▶ **EXERCISE DATA**:
________________________________________

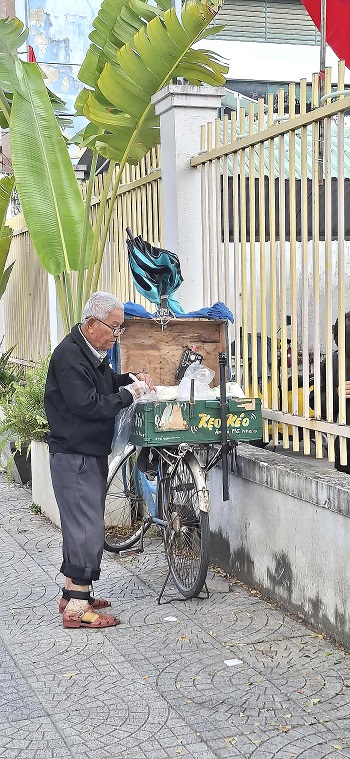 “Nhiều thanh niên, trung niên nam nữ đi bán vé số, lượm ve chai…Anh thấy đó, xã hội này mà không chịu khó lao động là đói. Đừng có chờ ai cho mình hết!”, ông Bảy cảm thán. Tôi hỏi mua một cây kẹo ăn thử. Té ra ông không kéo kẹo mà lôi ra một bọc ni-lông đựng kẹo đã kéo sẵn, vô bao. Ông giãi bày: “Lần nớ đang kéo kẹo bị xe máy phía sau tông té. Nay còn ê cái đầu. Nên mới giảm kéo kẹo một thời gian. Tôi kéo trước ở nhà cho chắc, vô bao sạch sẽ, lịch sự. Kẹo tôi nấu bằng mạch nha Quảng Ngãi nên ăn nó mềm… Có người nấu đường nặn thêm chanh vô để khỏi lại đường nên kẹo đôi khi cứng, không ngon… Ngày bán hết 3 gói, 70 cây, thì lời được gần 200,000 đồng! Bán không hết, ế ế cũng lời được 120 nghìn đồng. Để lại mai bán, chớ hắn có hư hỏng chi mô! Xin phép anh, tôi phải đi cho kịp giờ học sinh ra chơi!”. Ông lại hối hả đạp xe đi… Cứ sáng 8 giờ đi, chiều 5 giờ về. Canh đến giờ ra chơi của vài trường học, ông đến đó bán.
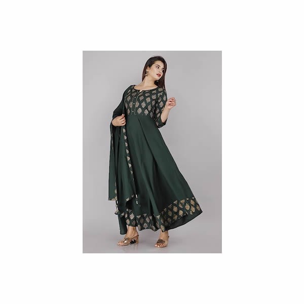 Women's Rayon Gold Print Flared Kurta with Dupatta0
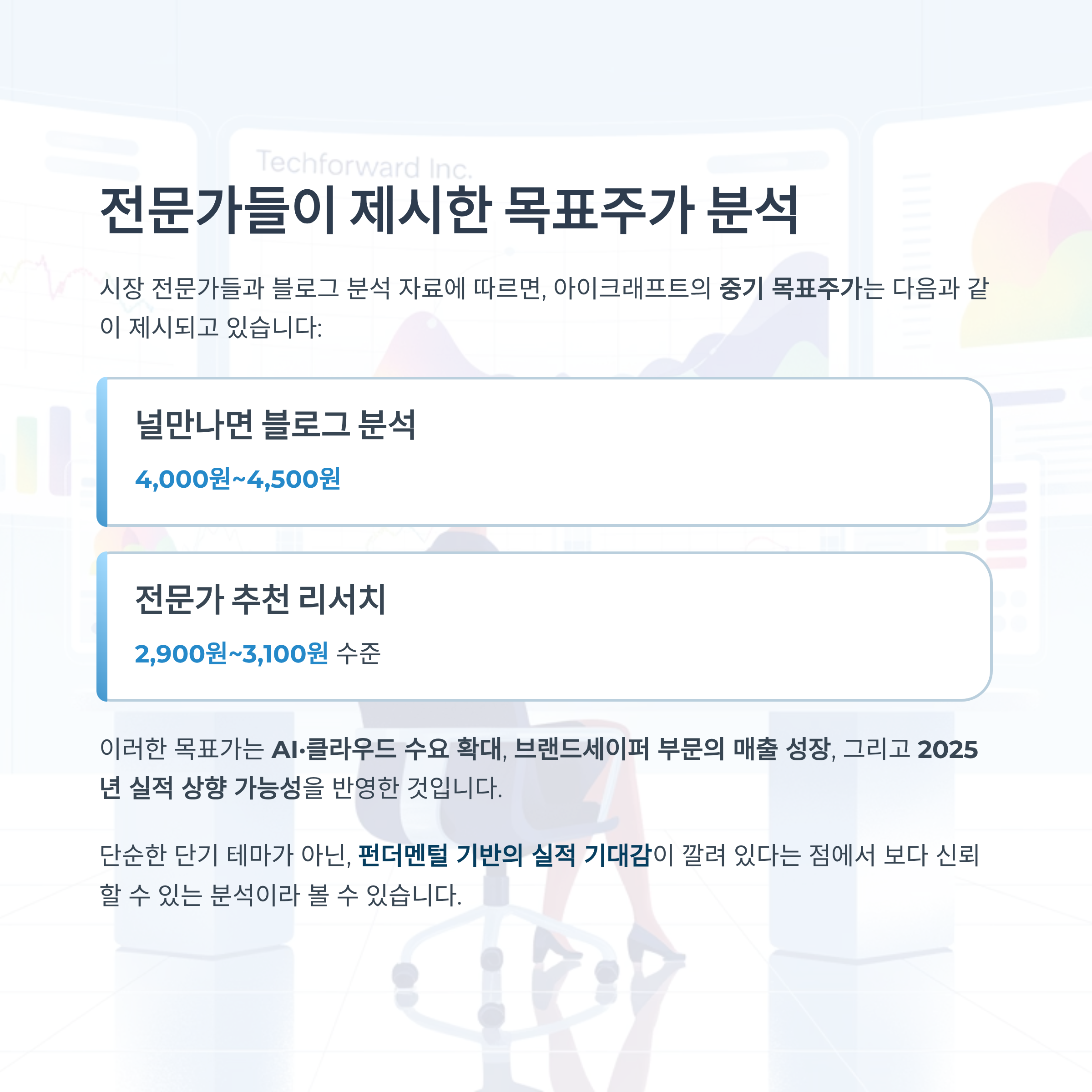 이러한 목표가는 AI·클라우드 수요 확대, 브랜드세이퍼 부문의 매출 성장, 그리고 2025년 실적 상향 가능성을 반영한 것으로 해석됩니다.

________________________________________

▶ **TASK**: Using the listing above, write out exactly the lines from the one that holds "Women's Rayon Gold" through the last line, both included, and omit pictures.

▶ **EXPECTED ANSWER**:
 Women's Rayon Gold Print Flared Kurta with Dupatta0
 이러한 목표가는 AI·클라우드 수요 확대, 브랜드세이퍼 부문의 매출 성장, 그리고 2025년 실적 상향 가능성을 반영한 것으로 해석됩니다.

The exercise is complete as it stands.